[转帖]goofys_Azure

 Goofys is a high-performance, POSIX-ish Amazon S3 file system written in Go

   

Overview

Goofys allows you to mount an S3 bucket as a filey system.

It's a Filey System instead of a File System because goofys strives for performance first and POSIX second. Particularly things that are difficult to support on S3 or would translate into more than one round-trip would either fail (random writes) or faked (no per-file permission). Goofys does not have an on disk data cache (checkout catfs), and consistency model is close-to-open.

Installation

  • On Linux, install via pre-built binaries. You may also need to install fuse too if you want to mount it on startup.
  • On macOS, install via Homebrew:
$ brew cask install osxfuse
$ brew install goofys
  • Or build from source with Go 1.10 or later:
$ export GOPATH=$HOME/work
$ go get github.com/kahing/goofys
$ go install github.com/kahing/goofys

Usage

$ cat ~/.aws/credentials
[default]
aws_access_key_id = AKID1234567890
aws_secret_access_key = MY-SECRET-KEY
$ $GOPATH/bin/goofys <bucket> <mountpoint>
$ $GOPATH/bin/goofys <bucket:prefix> <mountpoint> # if you only want to mount objects under a prefix

Users can also configure credentials via the AWS CLI or the AWS_ACCESS_KEY_ID and AWS_SECRET_ACCESS_KEY environment variables.

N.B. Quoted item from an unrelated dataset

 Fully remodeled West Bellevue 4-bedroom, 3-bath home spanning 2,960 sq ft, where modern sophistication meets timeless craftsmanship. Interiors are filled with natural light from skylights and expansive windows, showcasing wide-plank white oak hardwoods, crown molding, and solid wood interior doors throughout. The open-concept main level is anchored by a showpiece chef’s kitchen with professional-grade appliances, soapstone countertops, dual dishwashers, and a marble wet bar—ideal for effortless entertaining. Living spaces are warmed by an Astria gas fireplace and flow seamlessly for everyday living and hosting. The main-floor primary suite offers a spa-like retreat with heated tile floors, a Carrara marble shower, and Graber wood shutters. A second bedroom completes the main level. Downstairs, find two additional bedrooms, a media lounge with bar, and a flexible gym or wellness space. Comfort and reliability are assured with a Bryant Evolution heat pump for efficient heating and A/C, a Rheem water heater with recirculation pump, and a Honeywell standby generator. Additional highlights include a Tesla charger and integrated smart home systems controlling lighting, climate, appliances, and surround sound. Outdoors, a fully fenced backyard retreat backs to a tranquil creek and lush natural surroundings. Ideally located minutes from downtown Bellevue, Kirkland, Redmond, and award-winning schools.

To mount an S3 bucket on startup, make sure the credential is configured for root, and can add this to /etc/fstab:

goofys#bucket   /mnt/mountpoint        fuse     _netdev,allow_other,--file-mode=0666,--dir-mode=0777    0       0

See also: Instruction for Azure Blob Storage, Azure Data Lake Gen1, and Azure Data Lake Gen2.

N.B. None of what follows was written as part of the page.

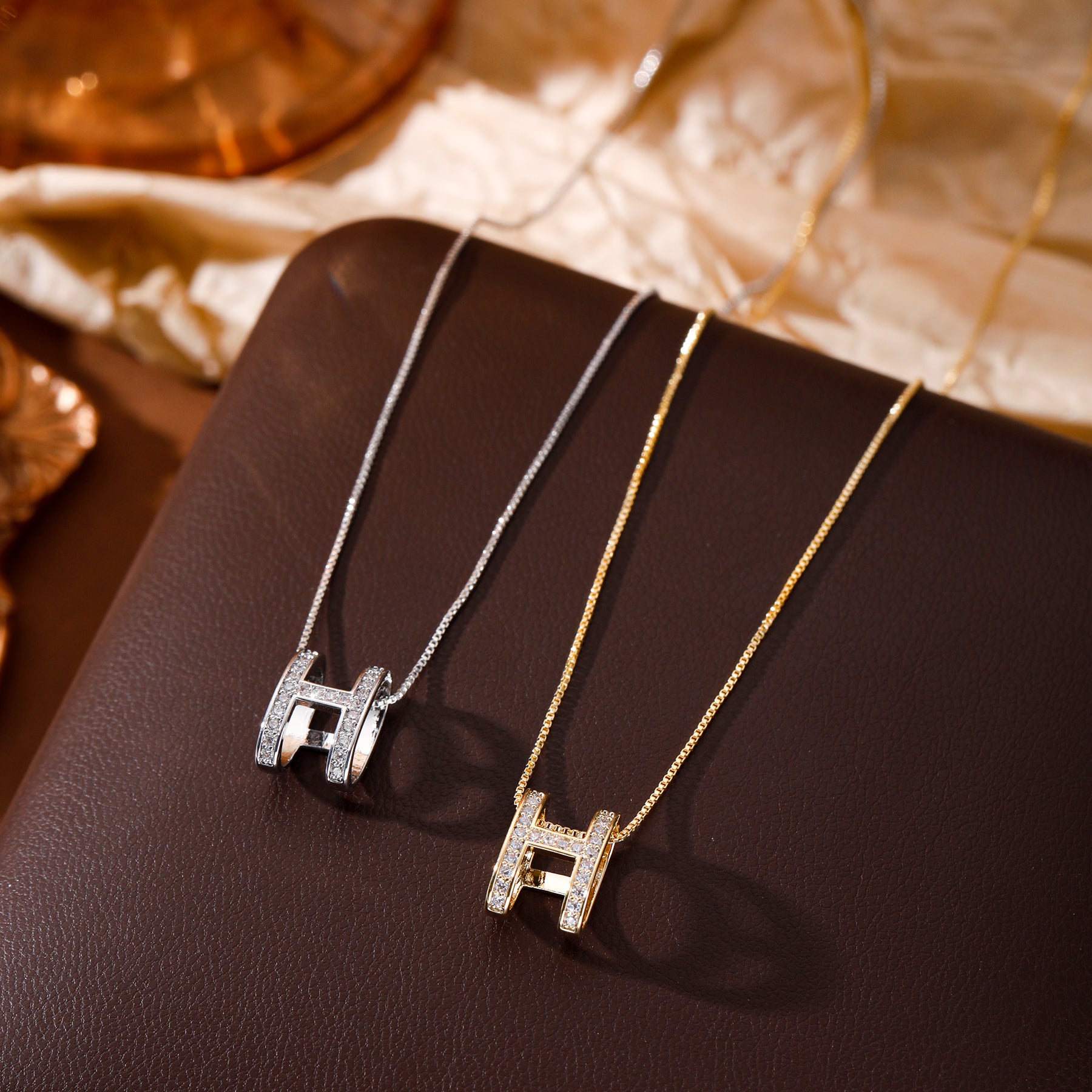 Elegant gold necklace featuring a sparkling crystal-encrusted initial H pendant. Perfect for personalized everyday wear or gifting.

Got more questions? Check out questions other people asked

Benchmark

Using --stat-cache-ttl 1s --type-cache-ttl 1s for goofys -ostat_cache_expire=1 for s3fs to simulate cold runs. Detail for the benchmark can be found in bench.shRaw data is available as well. The test was run on an EC2 m5.4xlarge in us-west-2a connected to a bucket in us-west-2. Units are seconds.

[转帖]goofys_Azure_02

To run the benchmark, configure EC2's instance role to be able to write to $TESTBUCKET, and then do:

$ sudo docker run -e BUCKET=$TESTBUCKET -e CACHE=false --rm --privileged --net=host -v /tmp/cache:/tmp/cache kahing/goofys-bench
# result will be written to $TESTBUCKET

See also: cached benchmark result and result on Azure.

License

Copyright (C) 2015 - 2019 Ka-Hing Cheung

Licensed under the Apache License, Version 2.0

Current Status

goofys has been tested under Linux and macOS.

List of non-POSIX behaviors/limitations:

  • only sequential writes supported
  • does not store file mode/owner/group
  • use --(dir|file)-mode or --(uid|gid) options
  • does not support symlink or hardlink
  • ctimeatime is always the same as mtime
  • cannot rename directories with more than 1000 children
  • unlink returns success even if file is not present
  • fsync is ignored, files are only flushed on close

Compatibility with non-AWS S3

goofys has been tested with the following non-AWS S3 providers:

  • Amplidata / WD ActiveScale
  • Ceph (ex: Digital Ocean Spaces, DreamObjects, gridscale)
  • EdgeFS
  • EMC Atmos
  • Google Cloud Storage
  • Minio (limited)
  • OpenStack Swift
  • S3Proxy
  • Scaleway
  • Wasabi

Additionally, goofys also works with the following non-S3 object stores:

  • Azure Blob Storage
  • Azure Data Lake Gen1
  • Azure Data Lake Gen2

References

  • catfs: caching layer that can be used with goofys
  • s3fs: another popular filesystem for S3
  • gcsfuse: filesystem for Google Cloud Storage. Goofys borrowed some skeleton code from this project.